Inaccurate MAR Documentation for Medications After Resident Transfer
Penalty
Summary
The deficiency involves the facility’s failure to maintain an accurate medical record regarding medication administration for a resident with severe cognitive impairment and multiple diagnoses, including acute respiratory failure with hypoxia, hypertension, and bipolar disorder. The resident was admitted in late September and discharged in early March. On the day of discharge, nursing documentation shows that the resident was transferred to a local hospital in the mid-afternoon due to behavioral symptoms, with a discharge note at 3:33 PM and a nursing progress note at 3:38 PM confirming that EMTs responded to a 911 call, the resident’s guardian consented to transfer, and the physician and DON were notified.
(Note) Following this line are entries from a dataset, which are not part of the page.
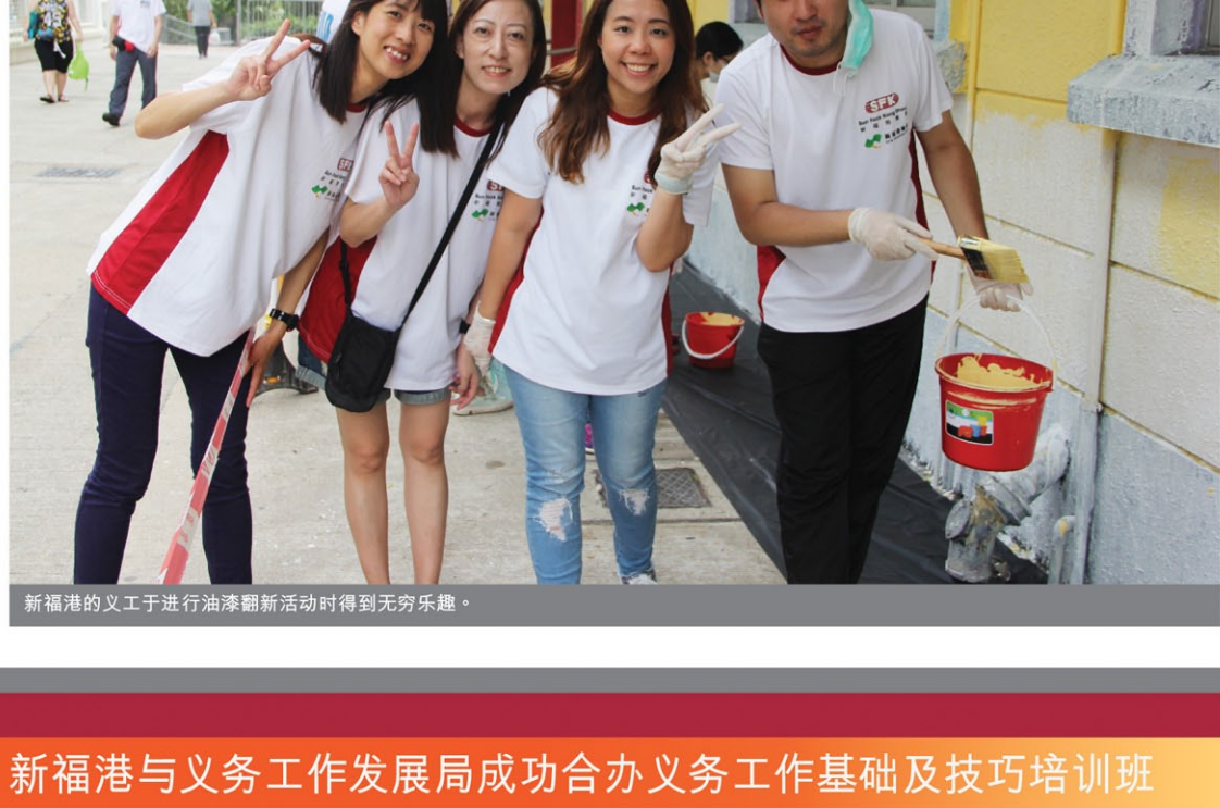
新福港的义工于进行油漆翻新活动时得到无穷乐趣。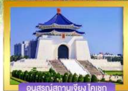
อนุสรณ์สถานเจียง ไคเชก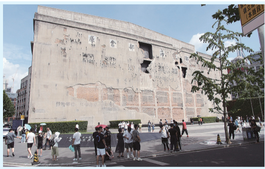
上海四行倉庫西牆，是四行倉庫抗戰紀念館重要的組成部分。

坐落於上海蘇州河北岸的四行倉庫抗戰紀念館日前正式掛牌「上海市對臺交流基地」，成為滬臺深化交流交往的又一重要空間和載體。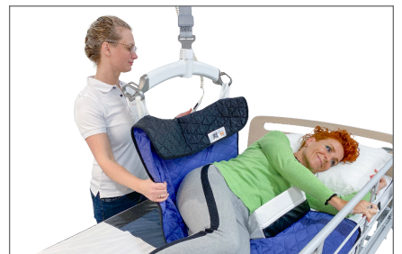
9. Vending med loftlift: Loftliften monteres i grebene. Bruger hjælper til efter formåen. Loftliften eleveres og understøtter vendingen til sideleje. Puder og kiler kan benyttes for en optimal støtte, tryghed og komfort.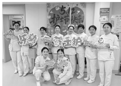
厦门大学附属第一医院为全院护士送上了节日的祝福与关怀,图为妇产科护士们在庆祝护士节。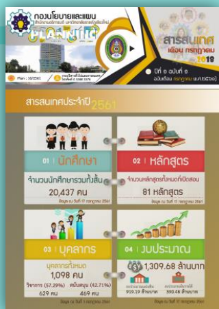
สารสนเทศ เดือน กรกฎาคม 2561

แผนยุทธศาสตร์ มหาวิทยาลัยราชภัฏเชียงใหม่ ฉบับปรับปรุง ปี 2560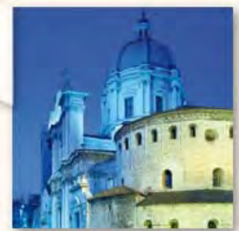
Duomo Vecchio e Duomo Nuovo Piazza Paolo VI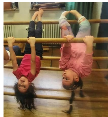
Abb.5: Bewegungsraum, VÖ-Kiga, „Foto: Stadt Stuttgart“

Des Weiteren bieten unsere Fachkräfte für Bewegungserziehung den Kindern vielfältige Bewegungs- und Spielmöglichkeiten, u.a. (Fuß)Ball oder Fangspiele, Tanzen, Bewegungs- und Kletterparcours oder auch Hüpfspiele, für eine gute psychomotorische Entwicklung an. Besonders hervorheben lässt sich zudem noch, dass wir jährlich an einem Fußballturnier mit anderen Einrichtungen aus dem Stadtbezirk teilnehmen.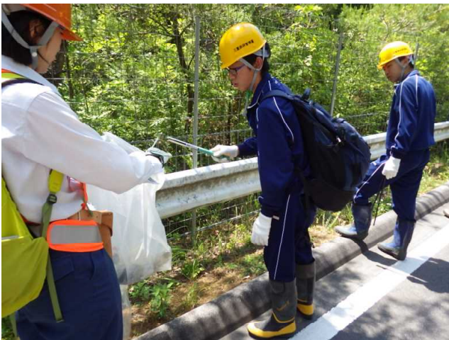
青岳国有林沿いでのゴミ回収

6日(木曜日)は、青岳国有林(伊賀市)で、国有林沿いの道路に投棄された瓶・缶などゴミの回収を行いました。昨年ゴミ拾いをした場所で、また大きな袋いっぱいのゴミが出て、「ゴミを捨てるな」の気持ちが強くなっていました。その後、焼尾国有林(伊賀市)に移動し、森林整備の保護事業として行っているマツ枯れ等の伐倒駆除事業箇所、ビニールで梱包した処理木のことなど事業内容の説明を行いました。午後からは、毎年森林環境教育のイベントで使っている焼尾国有林の遊々の森で、案内看板の周囲の草刈りをしました。初めて見る下刈鎌を使い、上手に刈っていました。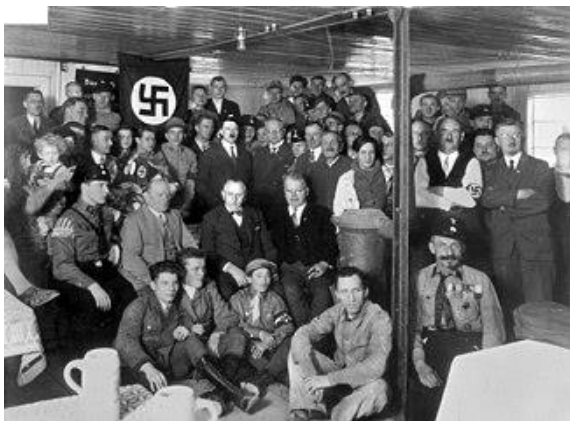
Bron 7 – een foto uit 1930, gemaakt in Duitsland. Adolf Hitler staat hier samen met enkele nazi's, nog enkele jaren voordat de NSDAP de grootste partij van Duitsland werd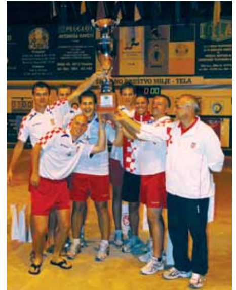
Reprezentacija Hrvatske s peharom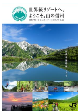
総合パンフレット（A4サイズ）

The resident was transported to the hospital via stretcher and was no longer in the facility after that time. Despite the resident’s transfer out of the building that afternoon, the March Medication Administration Record (MAR) documented that bedtime doses of magnesium oxide 400 mg BID for hypomagnesemia, metoprolol tartrate 100 mg BID for tachycardia, and Seroquel 25 mg BID for bipolar disorder were administered by an LPN at bedtime that same day. The LPN assigned to the second shift stated that bedtime medications were to be given at 9 PM, with a one-hour window before or after, but could not recall whether the resident was in the building around that time. The DON confirmed that the facility’s bedtime medication administration window was between 7 PM and 10 PM and, upon reviewing the MAR and progress notes, questioned how the medications could have been administered when the resident had already been transferred to the hospital, indicating that someone documented administration of medications after the resident had been discharged from the facility.